[Task prompt] Review the material line by line. Identify and copy every line that contains the string "more".

[Records supplied]
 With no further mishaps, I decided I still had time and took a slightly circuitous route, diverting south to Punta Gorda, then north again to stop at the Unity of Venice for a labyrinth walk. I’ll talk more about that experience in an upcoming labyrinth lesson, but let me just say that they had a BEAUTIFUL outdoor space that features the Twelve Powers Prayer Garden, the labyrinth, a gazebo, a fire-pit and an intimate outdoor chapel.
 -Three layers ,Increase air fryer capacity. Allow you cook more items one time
==
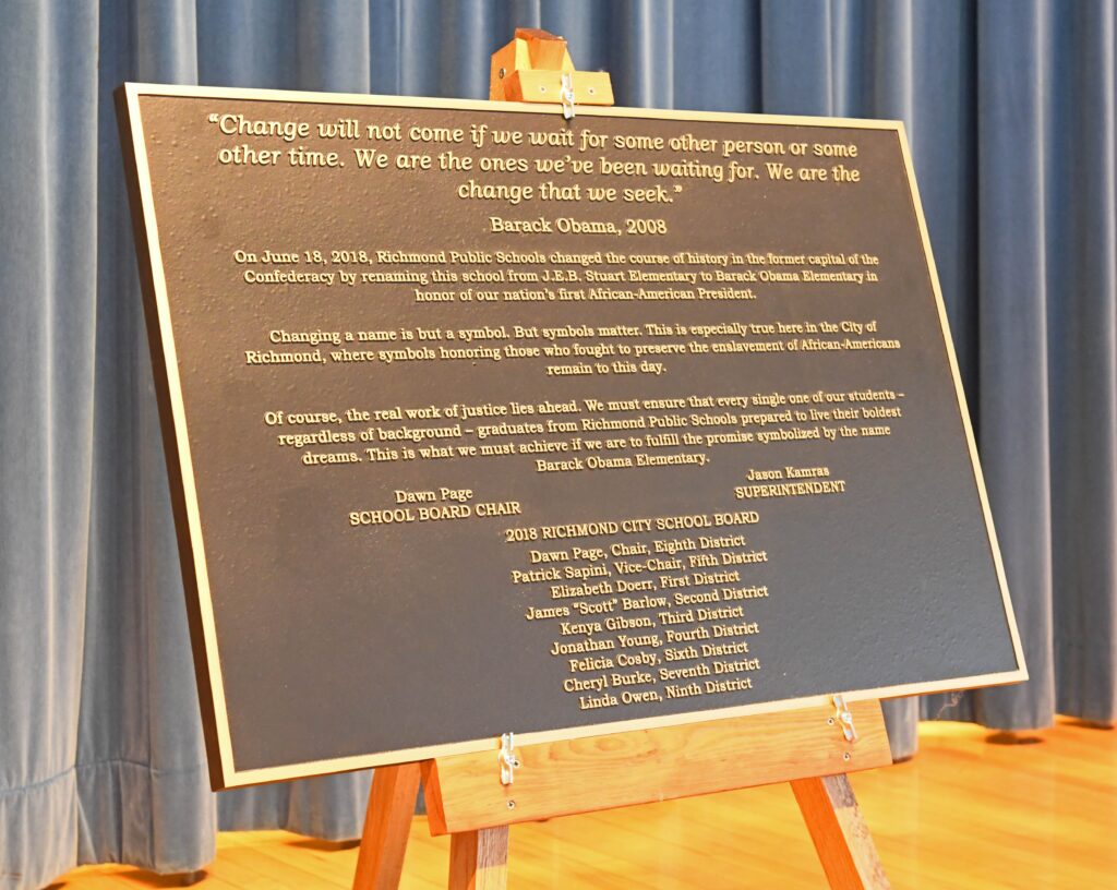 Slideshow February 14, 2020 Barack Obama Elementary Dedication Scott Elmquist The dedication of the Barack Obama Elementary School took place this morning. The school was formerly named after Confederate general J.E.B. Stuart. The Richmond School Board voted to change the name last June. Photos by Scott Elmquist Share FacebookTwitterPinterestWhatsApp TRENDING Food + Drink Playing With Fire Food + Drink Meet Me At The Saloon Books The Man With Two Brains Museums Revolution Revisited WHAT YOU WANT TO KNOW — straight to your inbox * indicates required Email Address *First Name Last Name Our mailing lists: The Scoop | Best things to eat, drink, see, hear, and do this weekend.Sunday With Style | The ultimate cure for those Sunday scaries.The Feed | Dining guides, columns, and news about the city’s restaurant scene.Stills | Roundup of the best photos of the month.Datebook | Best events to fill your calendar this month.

[Solution for this problem]
 With no further mishaps, I decided I still had time and took a slightly circuitous route, diverting south to Punta Gorda, then north again to stop at the Unity of Venice for a labyrinth walk. I’ll talk more about that experience in an upcoming labyrinth lesson, but let me just say that they had a BEAUTIFUL outdoor space that features the Twelve Powers Prayer Garden, the labyrinth, a gazebo, a fire-pit and an intimate outdoor chapel.
 -Three layers ,Increase air fryer capacity. Allow you cook more items one time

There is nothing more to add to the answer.